OLAP databases can/are still Relational databases. The difference is that they’r...

chrismorgan · on Sept 20, 2020

I gather that there may be some differences in functionality offered, but that it’s probably not much. So I presume performance is the biggest area of difference. In that regard: how big are the differences in performance for each category’s representative workloads?

legg0myegg0 · on Sept 20, 2020

Before the latest optimization, and only using 1 core, vs. SQLite we were seeing 133x performance on a basic group by or join, and about 4x for a pretty complex query. It was roughly even to Pandas in performance, but it can scale to larger than memory data and now it can use multiple cores! As an example, I could build views from 2 Pandas DataFrames with 2 columns and 1 million rows each, join them, and return the 1 million row dataset back to Pandas in 2 seconds vs. 40 seconds with SQLite/SQLAlchemy... Pretty sweet. DuckDB is going to be even faster now I bet!

jmatthews · on Sept 21, 2020

Have you compared this to dask from a performance standpoint? That is the larger than memory solution we're currently using for analytics.

chrismorgan · on Sept 20, 2020

How about the other way? When will SQLite perform better than DuckDB?

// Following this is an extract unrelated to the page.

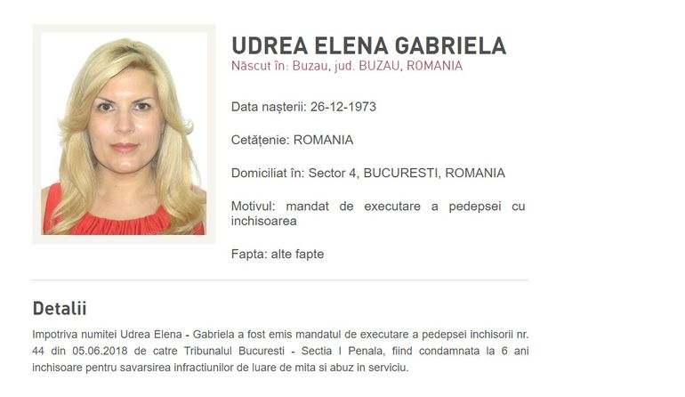 Fostul ministru al Turismului, Elena Udrea, a fost dată în urmărire generală, după ce a fost condamnată la șase ani de închisoare în dosarul ”Gala Bute”. Blondina nu a fost găsită nici la adresa din buletin, nici la adresa din Corbeanca, acolo unde locuia alături de familia sa, pentru a fi încarcerată în urma condamnării.

FridgeSeal · on Sept 20, 2020

If your workload is lots of singular INSERT or UPDATE’s.

greggyb · on Sept 20, 2020

I routinely see order of magnitude or greater improvements moving analytical workloads to compressed, columnstore engines vs rowstore engines.

The shortest useful description I can give of what constitutes an analytical workloads is that it is table-scan-heavy, and often concerned with a small subset of columns in a table.

FridgeSeal · on Sept 21, 2020

To add to the other comment (albeit with different DB’s because I haven’t used DuckDB yet) comparing MSSQL and Clickhouse: similar hardware and same dataset, CH responds in ~30-60ms, MSSQL 300-400+ ms for simpler queries. 90-180ms vs several seconds, up to about 30s for more complex queries.

I could add more indices to MSSQL and do all sorts of query optimisations, but out of the box the OLAP wins hands down for that workload.